### Supplied information
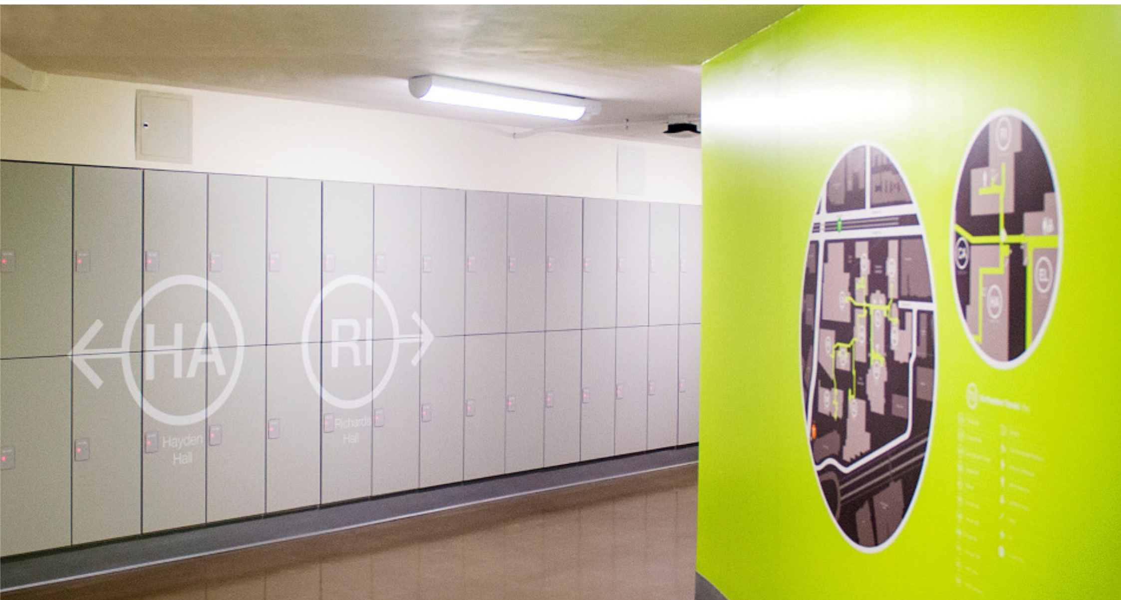
Northeastern University, Boston, USA
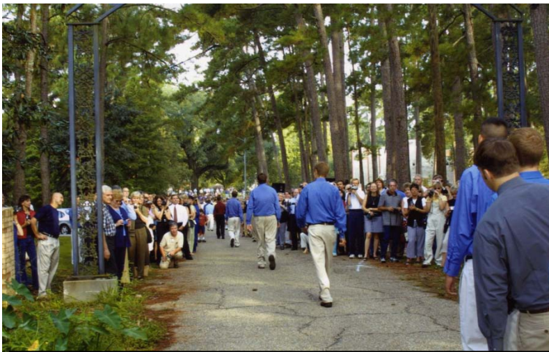
As we remembered Katrina last week, here's a photo of a pre-Katrina March through the Arch. How the landscape has changed!
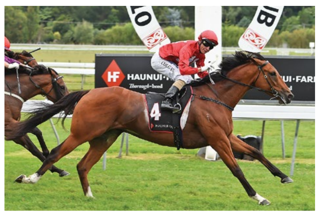
VOLKSTOK'N'BARRELL (NZ) (Tavistock) wins the Gr.1 Haunui Farm Classic 27-2-16
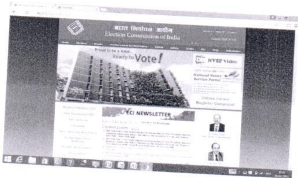
Fig 1.1 ECI website
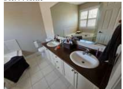
Pic. 12: Master bath
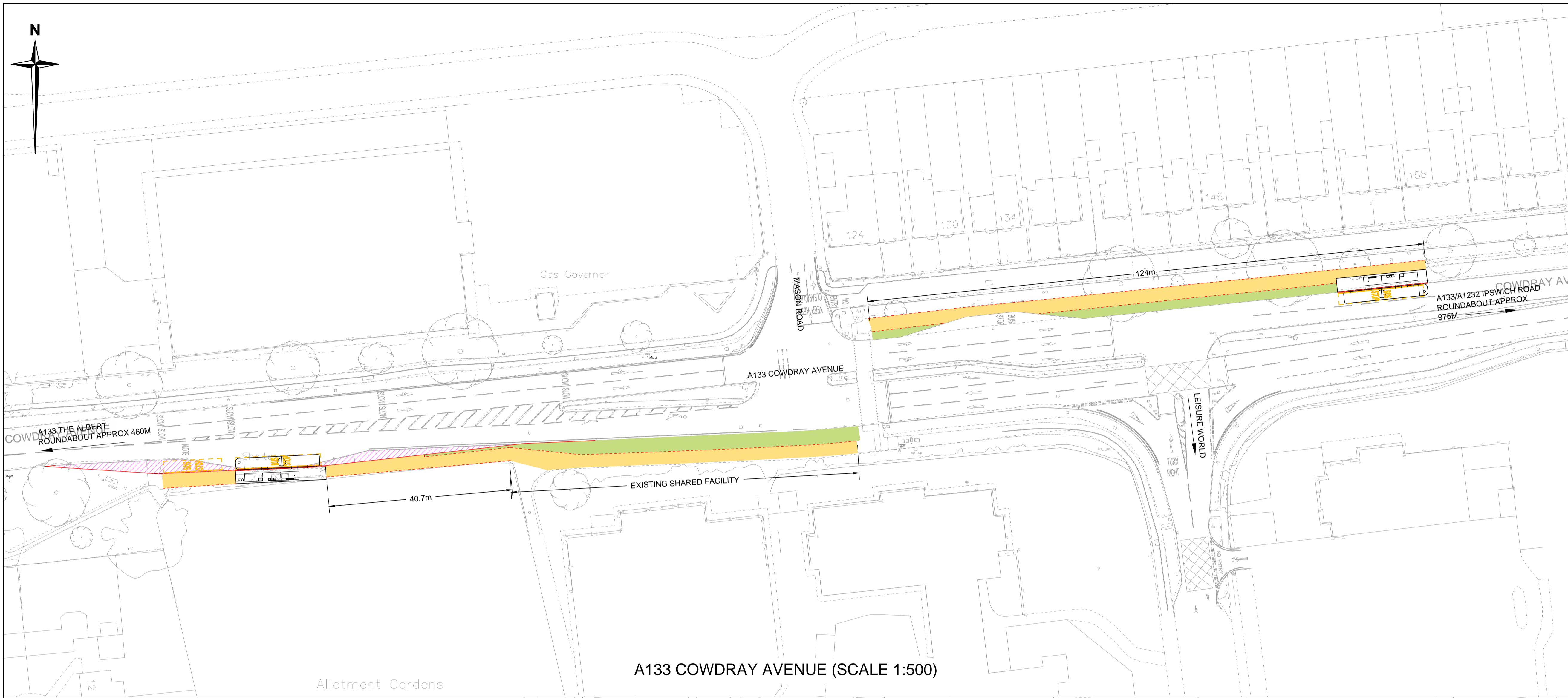
A133 COWDRAY AVENUE (SCALE 1:500)
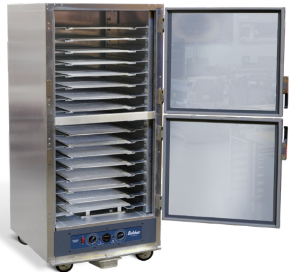
↑ Belshaw CP1/CP2 Cabinet Proofer (shown with donut firing screens)

### Problem details
Nothing but the lines from the line with "Fig 1.1 ECI website" through the last line of the listing above should be repeated, and pictures should be left out.

### Answer space
Fig 1.1 ECI website
Pic. 12: Master bath
A133 COWDRAY AVENUE (SCALE 1:500)
↑ Belshaw CP1/CP2 Cabinet Proofer (shown with donut firing screens)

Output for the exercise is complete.